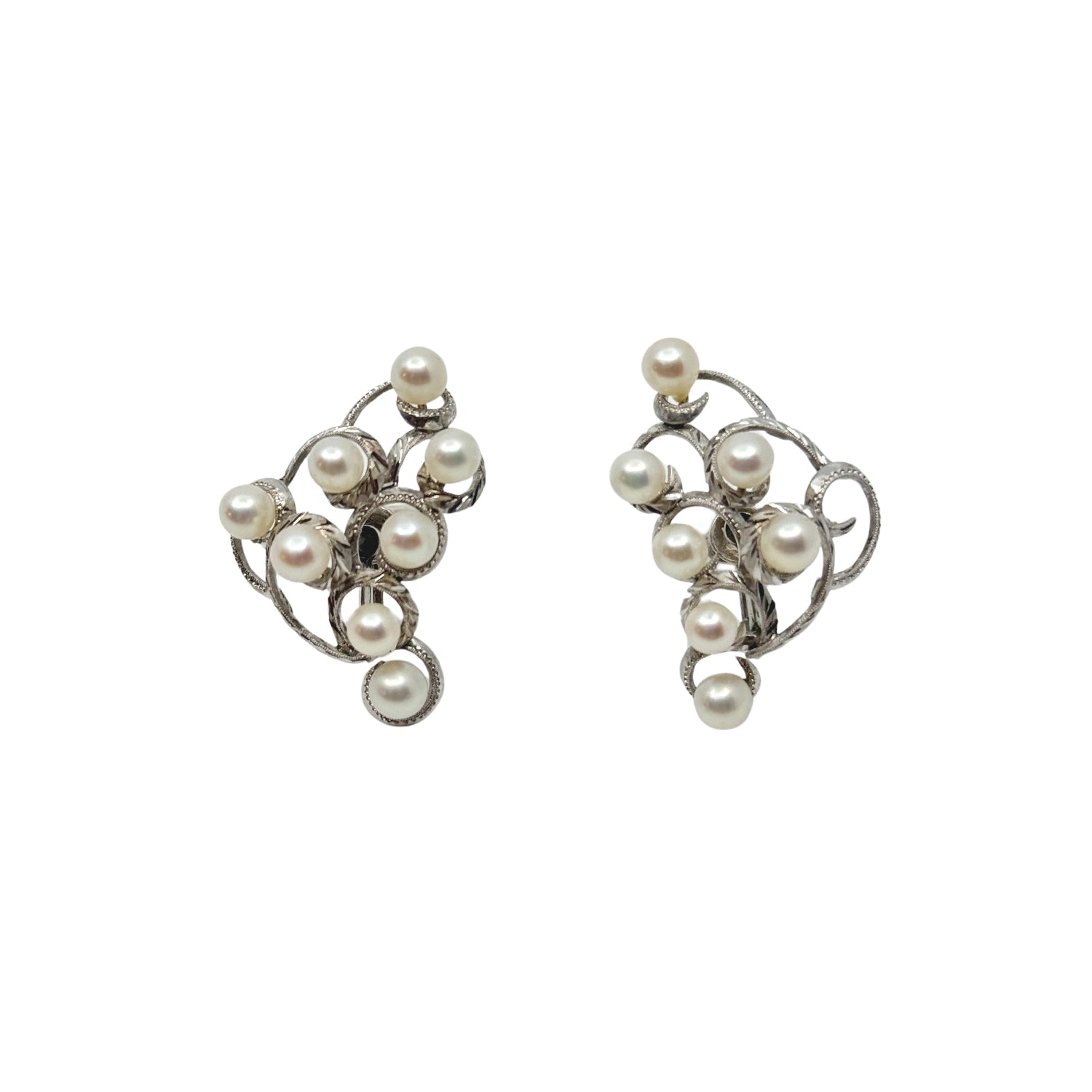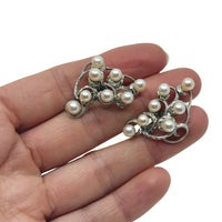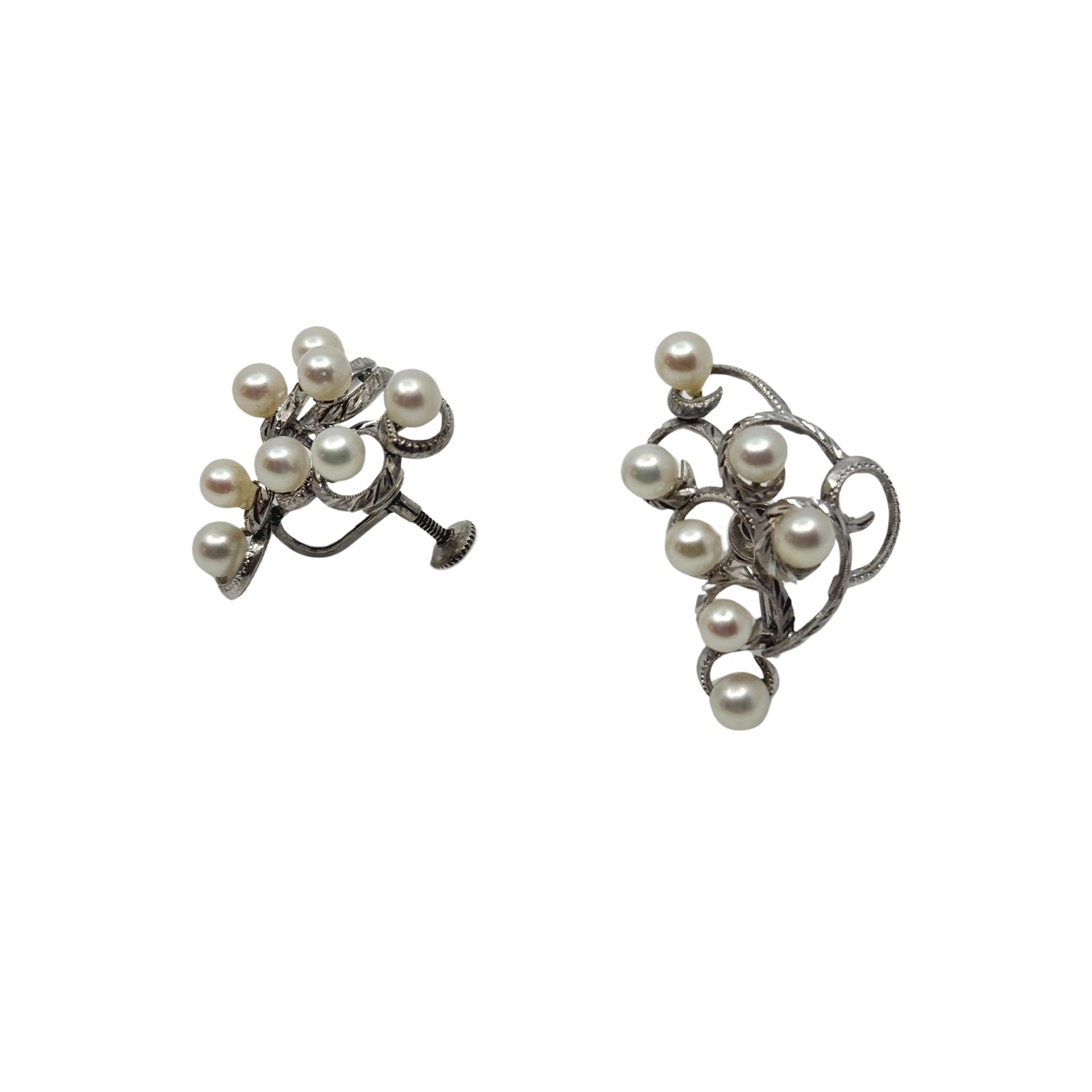 Pearls are set in a swirling design with hand engraving and milgrain. They are stamped "STERLING" for solid sterling silver. The earrings measure 1 1/4 inch long. From Japan 1950's-1980's.
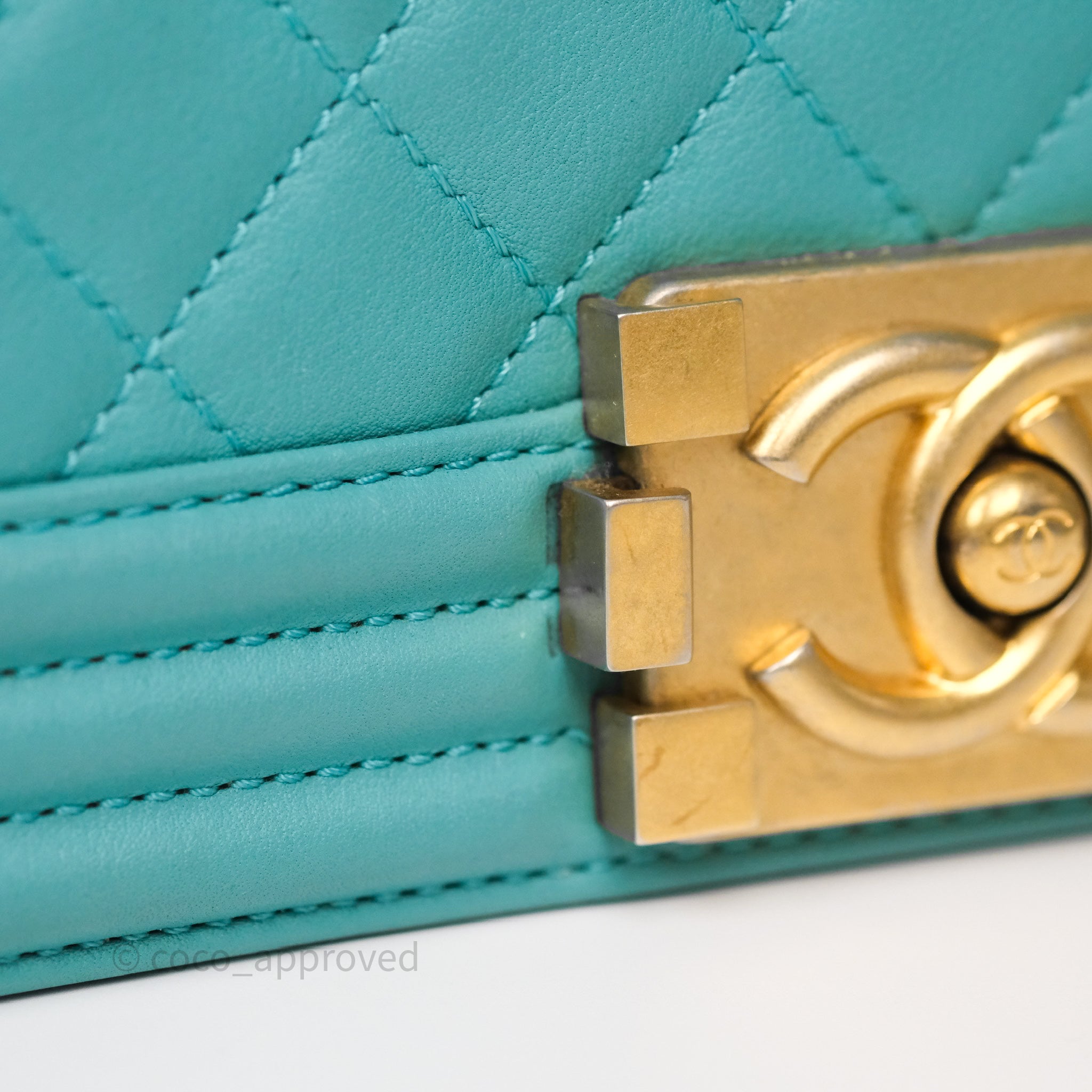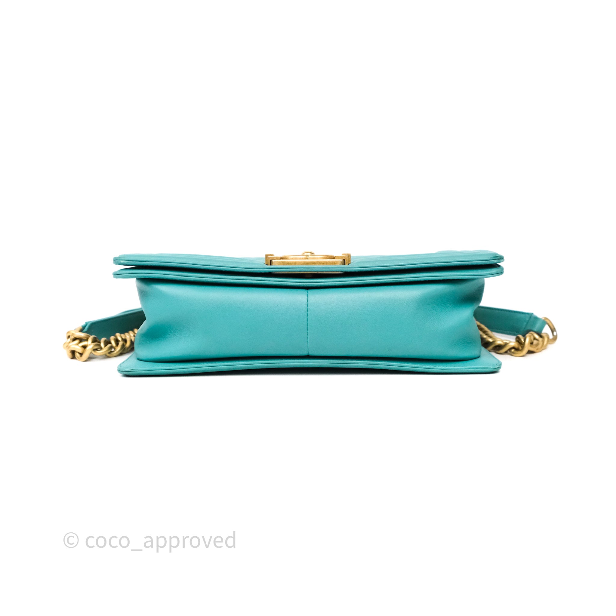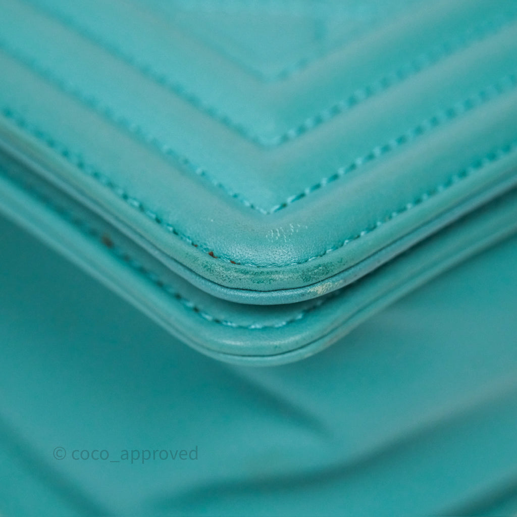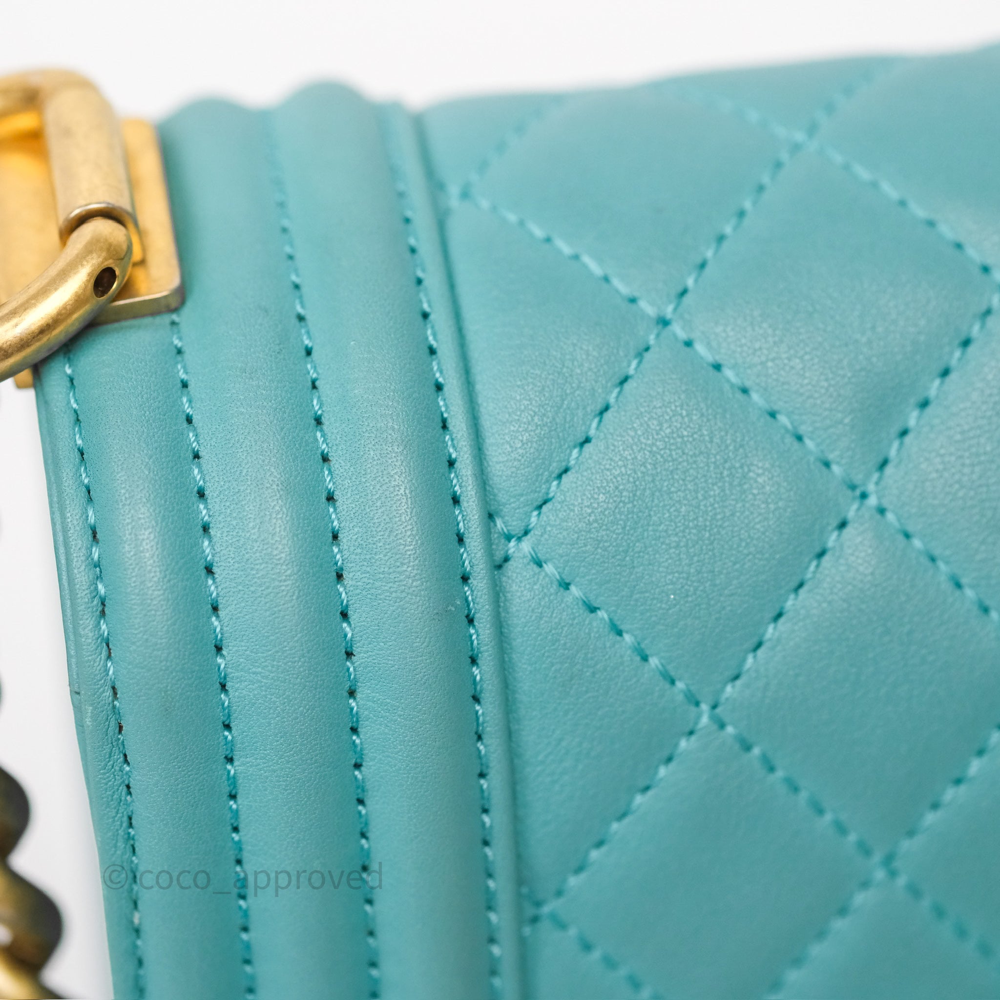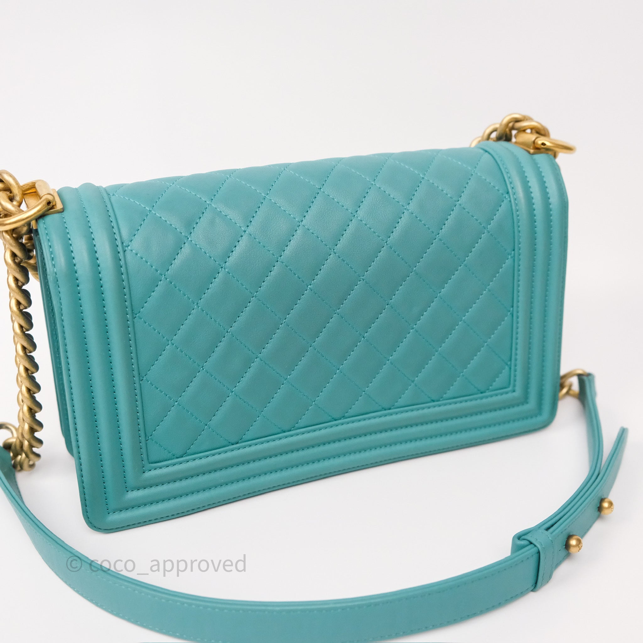 Chanel Medium Boy Quilted Turquoise Calfskin Aged Gold Hardware
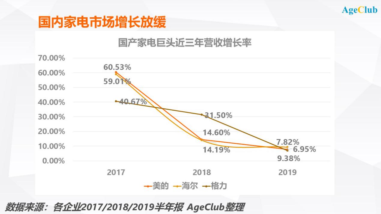 家电巨头营收增长集体放缓,预示着行业发展触及天花板。经过多年高速增长的发展,中国的家电产业发展的竞争格局早已经成熟,产业发展更加趋向存量竞争时代。
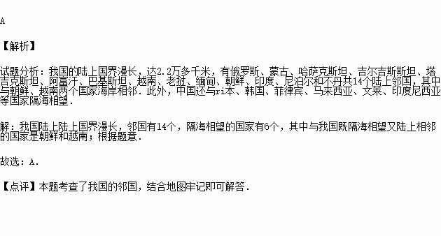 (5)我国疆界绵长,陆上国界线长达2.2万多千米,相邻的国家有14个,其中⑥是 (国家).
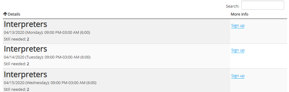 Use this for cases where volunteers are in a competitive position for slots and are likely to use more than one active login or multiple searches at once.
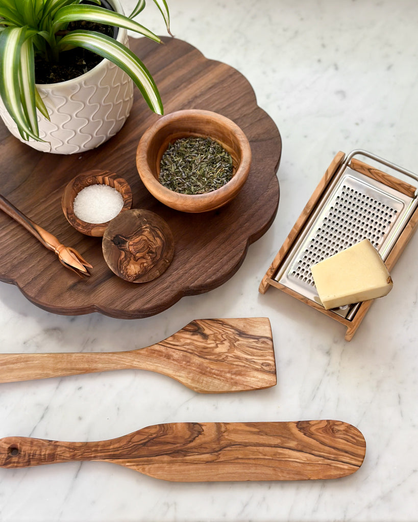Designed to rotate smoothly, it’s perfect for serving, entertaining, or keeping your most-used items within easy reach. A beautiful, functional accent that complements our scalloped boards and cutting boards—creating a cohesive, heirloom-quality collection for your home.

- - -

## Assigned task
Leave out every picture and copy the rest of the records exactly.

## Output for this exercise
 Pearls are set in a swirling design with hand engraving and milgrain. They are stamped "STERLING" for solid sterling silver. The earrings measure 1 1/4 inch long. From Japan 1950's-1980's.
 Chanel Medium Boy Quilted Turquoise Calfskin Aged Gold Hardware
 家电巨头营收增长集体放缓,预示着行业发展触及天花板。经过多年高速增长的发展,中国的家电产业发展的竞争格局早已经成熟,产业发展更加趋向存量竞争时代。
 (5)我国疆界绵长,陆上国界线长达2.2万多千米,相邻的国家有14个,其中⑥是 (国家).
 Use this for cases where volunteers are in a competitive position for slots and are likely to use more than one active login or multiple searches at once.
Designed to rotate smoothly, it’s perfect for serving, entertaining, or keeping your most-used items within easy reach. A beautiful, functional accent that complements our scalloped boards and cutting boards—creating a cohesive, heirloom-quality collection for your home.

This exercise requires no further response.